The Bible College of Wales (Trinity School of Ministry from 2009 to 2012), is a Pentecostal Bible college located along Derwen Fawr Road in Swansea, Wales. Originally based in Swansea, Wales, it was founded in 1924 by Rees Howells.

In 2009, it was relocated from Wales to England and renamed Trinity School of Ministry, run by Global Horizons. In 2012, Cornerstone Community Church, an independent Pentecostal congregation based in Singapore purchased and refurbished the property at Derwen Fawr. The college has since been reopened and runs a three-month School of Ministry programme twice a year.

The college's current director, is Pastor Yang Tuck Yoong.

== History ==
Prior to starting the Bible College of Wales, founder Rees Howells was part of a ministry in Africa from 1915 to 1920. He left this life behind him to focus on the founding of a training college that could equip the growing number of Christian converts to become missionaries and ministry workers. Inspired by the Moody Bible Institute in Chicago, Illinois, he started a Bible College in Swansea.

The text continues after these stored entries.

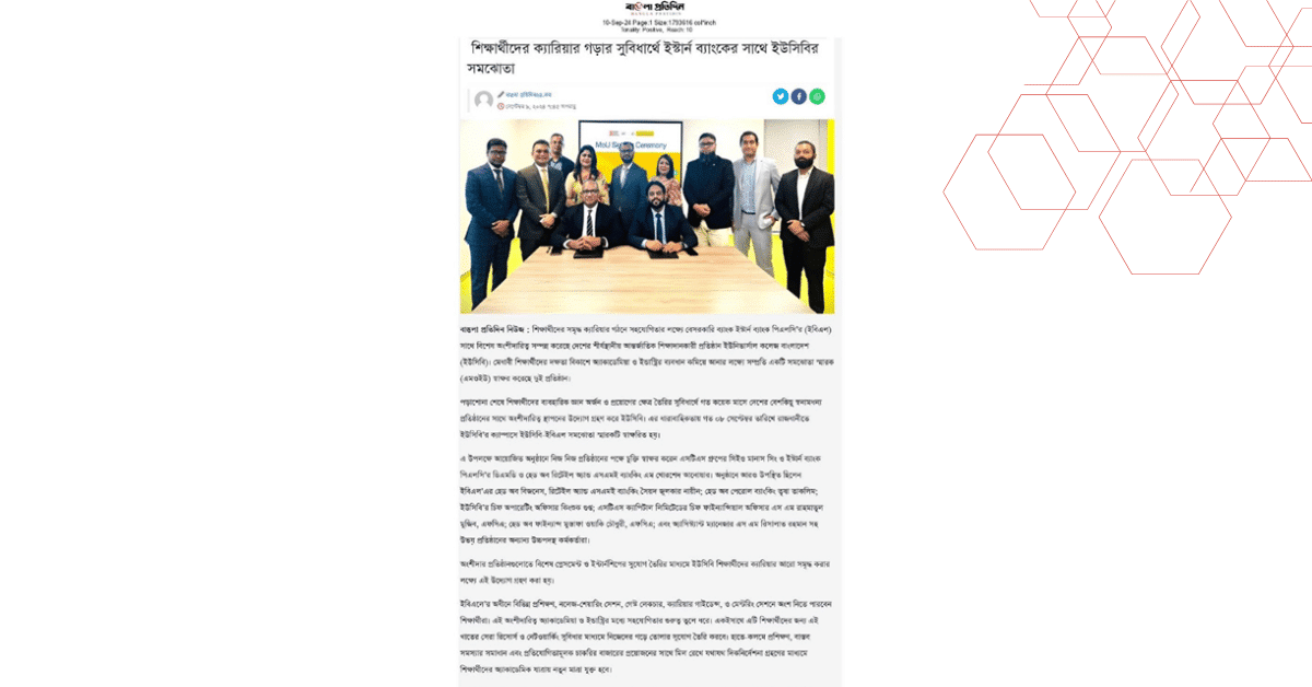 শিক্ষার্থীদের সমৃদ্ধ ক্যারিয়ার গঠনে সহযোগিতার লক্ষ্যে বেসরকারি ব্যাংক ইস্টার্ন ব্যাংক পিএলসি’র (ইবিএল) সাথে বিশেষ অংশীদারিত্ব সম্পন্ন করেছে দেশের শীর্ষস্থানীয় আন্তর্জাতিক শিক্ষাদানকারী প্রতিষ্ঠান ইউনিভার্সাল কলেজ বাংলাদেশ (ইউসিবি)। মেধাবী শিক্ষার্থীদের দক্ষতা বিকাশে অ্যাকাডেমিয়া ও ইন্ডাস্ট্রির ব্যবধান কমিয়ে আনার লক্ষ্যে সম্প্রতি একটি সমঝোতা স্মারক (এমওইউ) স্বাক্ষর করেছে দুই প্রতিষ্ঠান।
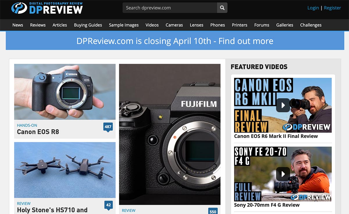 After nearly 25 years of operation, DPReview will be closing in the near future. Please click here for more information: https://t.co/JPK4Nd8xuk pic.twitter.com/6J1ymErU7F
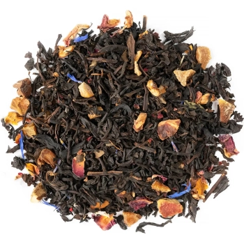 Состав: Купаж черного индийского, цейлонского чая, гранат, груша, цветы сафлора, лепестки розы, ноготки, василек белый.
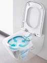 Ключевой особенностью модели является безободковая технология, которая устраняет труднодоступные места под ободком, значительно упрощая процесс очистки и поддержания гигиены. Каскадный слив обеспечивает эффективное и равномерное распределение воды по всей поверхности чаши, способствуя ее тщательному очищению, при этом процесс происходит с минимальным уровнем шума и брызгообразованием. Горизонтальный выпуск, скрытый в стене, позволяет сохранить чистоту линий конструкции, интегрируя унитаз в общую архитектурную концепцию помещения. Скрытый монтаж сливного бачка с использованием системы инсталляции требует предварительной подготовки, но в результате создает безупречно ровную стенную поверхность без выступающих элементов.
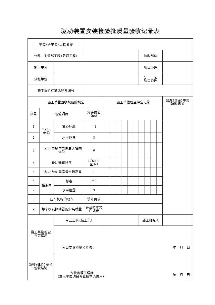 5.16.10 驱动装置安装的检验项目、 要求和方法应符合表5.16.10的规定。

Despite having only two shillings when he purchased the first property for the Bible College of Wales, he eventually received gifts sufficient to make up for the shortfall. He went on to purchase four estates for the College Wales - Glynderwen, Derwen Fawr, Sketty Isaf, and Penllergaer. It formally opened at Glynderwen House, Swansea, UK in 1924.

Rees Howells was director of the college until his death in 1950. He was succeeded by his son Samuel Rees Howells who led the college until a year before his death in 2004. The college continued to run under Alan Scotland. In July 2009 the Bible College of Wales saw its last graduation. In September 2009, the college operations moved to Rugby under the name Trinity School of Ministry and was run by Global Horizons.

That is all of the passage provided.